Unlike generic LLM evaluation frameworks, Alignmenter is purpose-built for persona alignment:

  • Persona packs: Define your brand voice in YAML with examples, lexicon, and traits
  • Offline-first: Works without constant API calls (optional LLM judge for higher accuracy)
  • Budget-aware: Built-in cost tracking and guardrails
  • Reproducible: Deterministic scoring, full audit trails
  • Privacy-focused: Local models available, sanitize production data before evaluation

Quickstart

Installation

Option 1 Β· PyPI (recommended for most users)

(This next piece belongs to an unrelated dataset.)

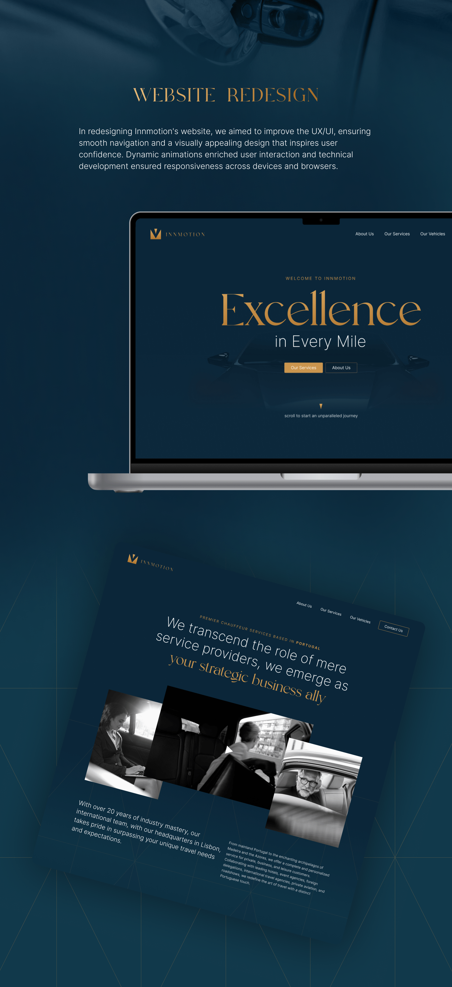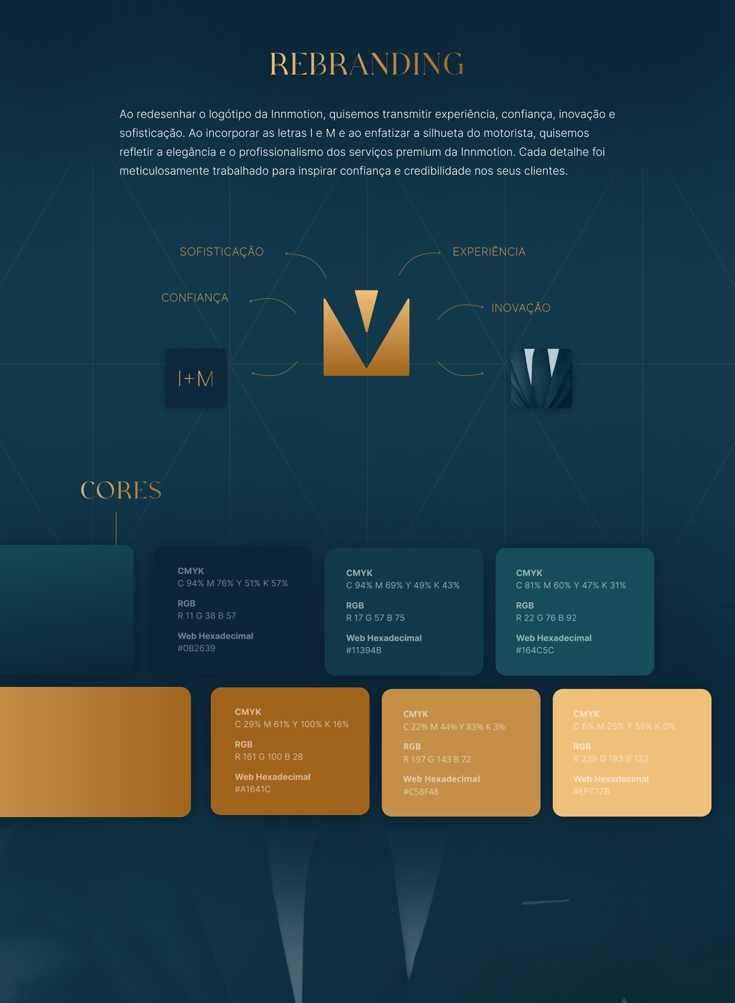 Entra num universo de luxo e sofisticação com a Innmotion, onde cada quilómetro é uma experiência de excelência. Em colaboração com a Brief, transformámos a identidade da marca e a sua presença online para exalar elegância e confiança em cada detalhe. Pronto para uma viagem de elegância? Deixa a Brief conduzir a tua marca a novos patamares!

pip install "alignmenter[safety]"
alignmenter init
alignmenter run --config configs/run.yaml --embedding sentence-transformer:all-MiniLM-L6-v2

Use this path when you want to try Alignmenter quickly, run it in CI, or install it inside a production environment.

Option 2 Β· From Source (for case studies & contributing)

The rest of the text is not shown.